▶ _Information supplied_:
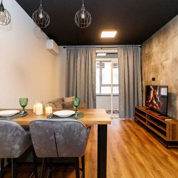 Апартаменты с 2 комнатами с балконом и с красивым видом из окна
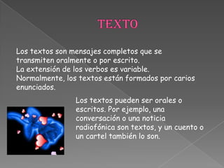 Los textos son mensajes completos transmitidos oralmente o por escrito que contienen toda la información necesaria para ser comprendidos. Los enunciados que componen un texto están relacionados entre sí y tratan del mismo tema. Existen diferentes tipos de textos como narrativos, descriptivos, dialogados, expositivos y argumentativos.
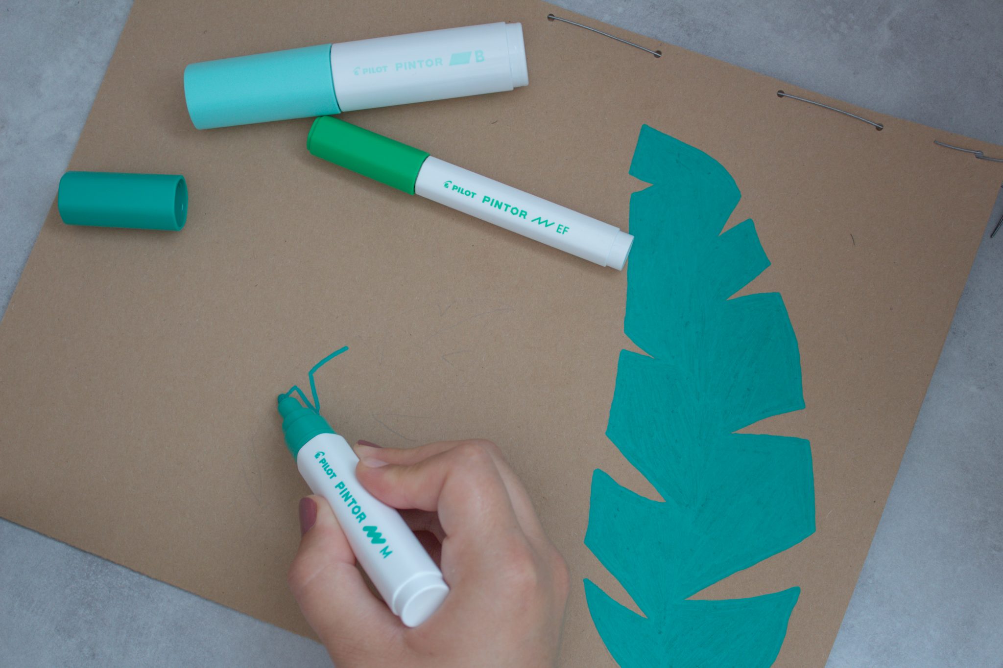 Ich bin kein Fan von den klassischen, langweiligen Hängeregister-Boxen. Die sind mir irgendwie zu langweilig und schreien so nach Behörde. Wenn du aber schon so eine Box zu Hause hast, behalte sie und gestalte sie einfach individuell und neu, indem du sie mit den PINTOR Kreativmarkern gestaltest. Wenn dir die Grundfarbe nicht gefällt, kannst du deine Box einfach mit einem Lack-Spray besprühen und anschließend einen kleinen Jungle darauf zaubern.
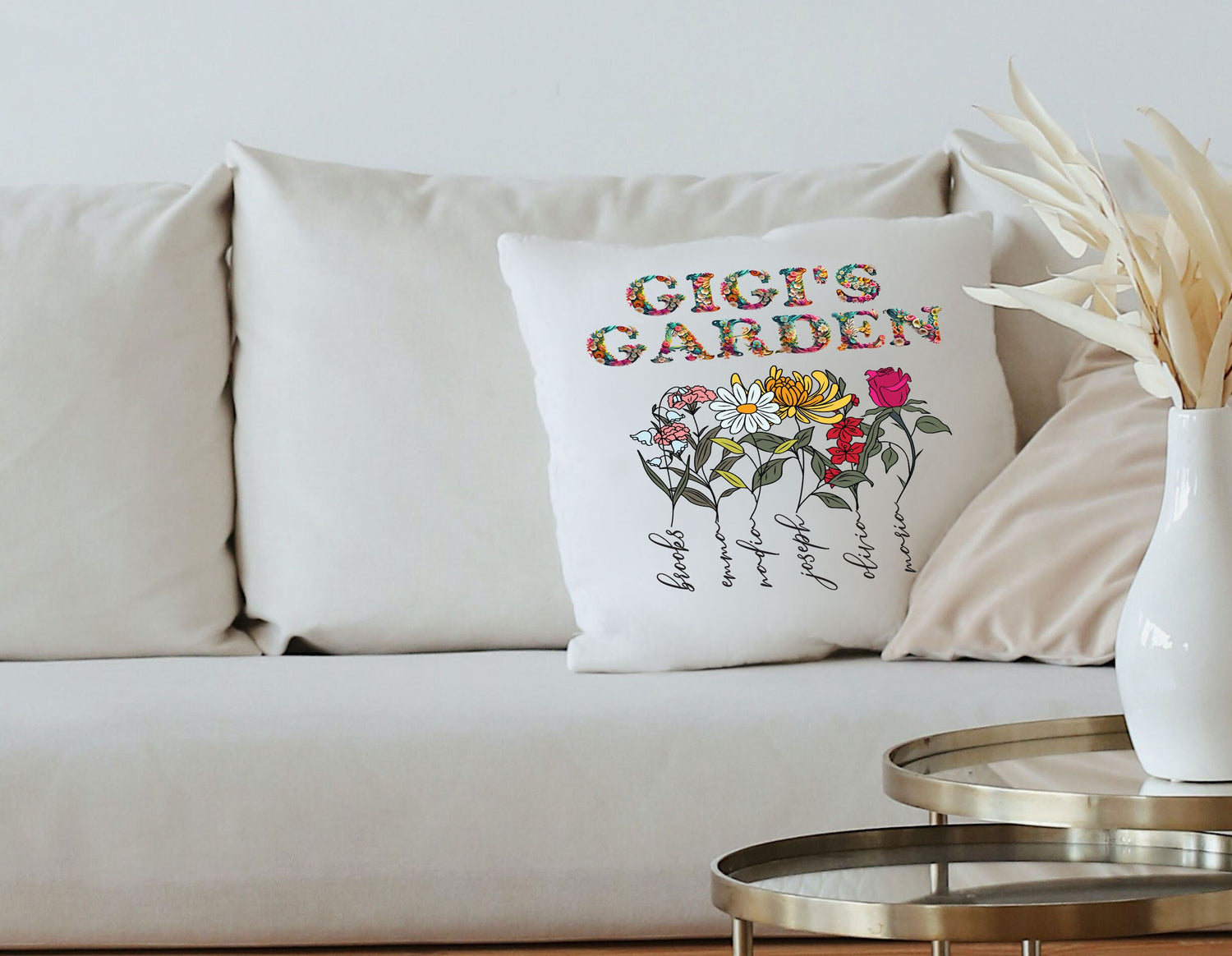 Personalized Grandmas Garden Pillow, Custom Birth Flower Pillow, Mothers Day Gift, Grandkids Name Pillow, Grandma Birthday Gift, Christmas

▶ _About this task_: Omit every picture while copying the listing above exactly.

▶ _Finished task_:
 Апартаменты с 2 комнатами с балконом и с красивым видом из окна
 Los textos son mensajes completos transmitidos oralmente o por escrito que contienen toda la información necesaria para ser comprendidos. Los enunciados que componen un texto están relacionados entre sí y tratan del mismo tema. Existen diferentes tipos de textos como narrativos, descriptivos, dialogados, expositivos y argumentativos.
 Ich bin kein Fan von den klassischen, langweiligen Hängeregister-Boxen. Die sind mir irgendwie zu langweilig und schreien so nach Behörde. Wenn du aber schon so eine Box zu Hause hast, behalte sie und gestalte sie einfach individuell und neu, indem du sie mit den PINTOR Kreativmarkern gestaltest. Wenn dir die Grundfarbe nicht gefällt, kannst du deine Box einfach mit einem Lack-Spray besprühen und anschließend einen kleinen Jungle darauf zaubern.
 Personalized Grandmas Garden Pillow, Custom Birth Flower Pillow, Mothers Day Gift, Grandkids Name Pillow, Grandma Birthday Gift, Christmas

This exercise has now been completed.